BMC Bioinformatics. 2014;15 Suppl 2(Suppl 2):S8. doi: 10.1186/1471-2105-15-S2-S8. Epub 2014 Jan 31.
Under a Markov model of evolution, recoding, or lumping, of the four nucleotides into fewer groups may permit analysis under simpler conditions but may unfortunately yield misleading results unless the evolutionary process of the recoded groups remains Markovian. If a Markov process is lumpable, then the evolutionary process of the recoded groups is Markovian.
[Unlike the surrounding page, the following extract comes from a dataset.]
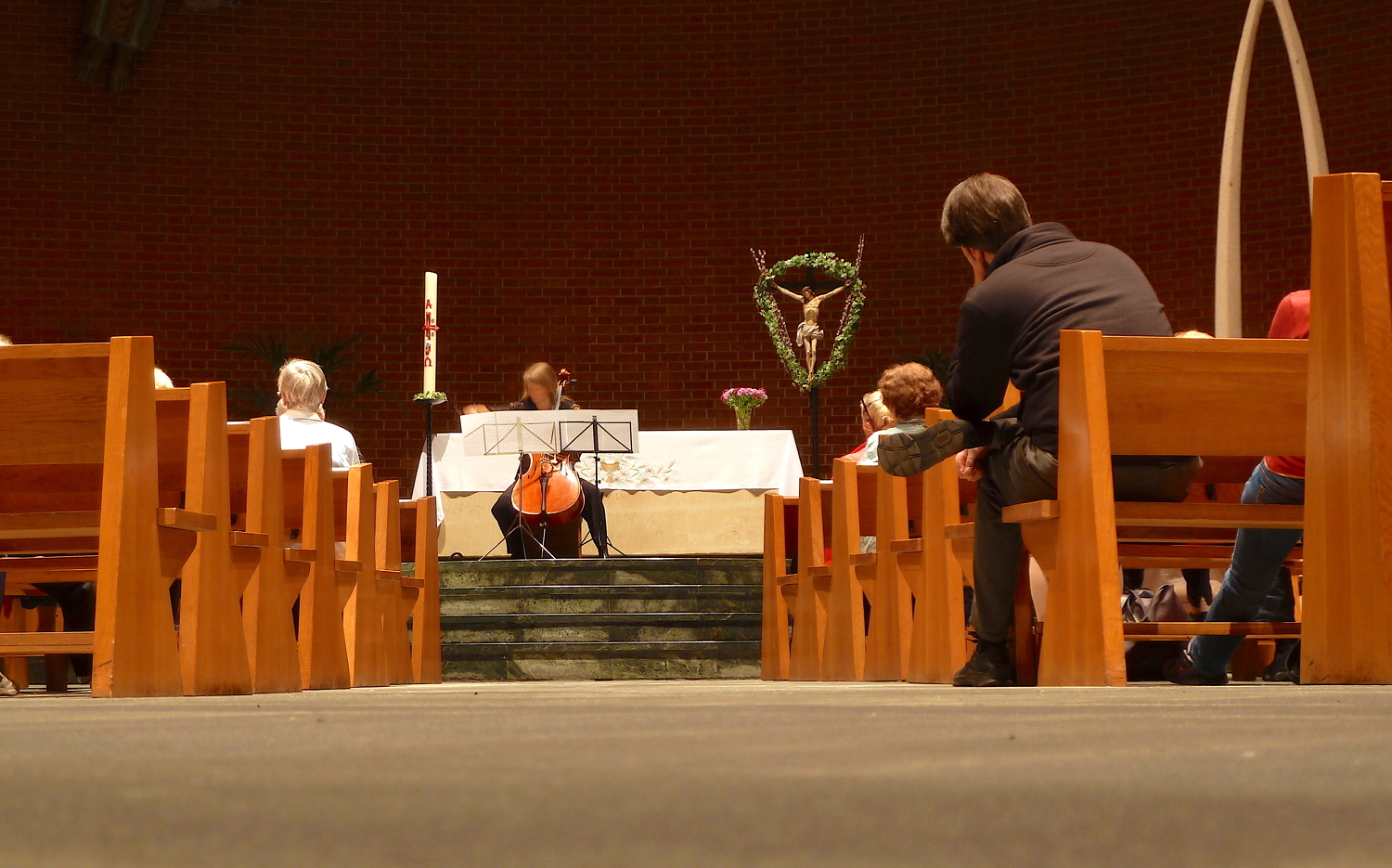 Dazwischen gab es die Möglichkeit sich beim Buffet zu stärken und bei unserem Bücherflohmarkt nach Schnäppchen zu suchen. Nach zwei stimmungsvollen Konzerten entließ uns Pater Thaddäus mit dem Segen Gottes in die Nacht.

We consider stationary, reversible, and homogeneous Markov processes on two taxa and compare three tests for lumpability: one using an ad hoc test statistic, which is based on an index that is evaluated using a bootstrap approximation of its distribution; one that is based on a test proposed specifically for Markov chains; and one using a likelihood-ratio test. We show that the likelihood-ratio test is more powerful than the index test, which is more powerful than that based on the Markov chain test statistic. We also show that for stationary processes on binary trees with more than two taxa, the tests can be applied to all pairs. Finally, we show that if the process is lumpable, then estimates obtained under the recoded model agree with estimates obtained under the original model, whereas, if the process is not lumpable, then these estimates can differ substantially. We apply the new likelihood-ratio test for lumpability to two primate data sets, one with a mitochondrial origin and one with a nuclear origin.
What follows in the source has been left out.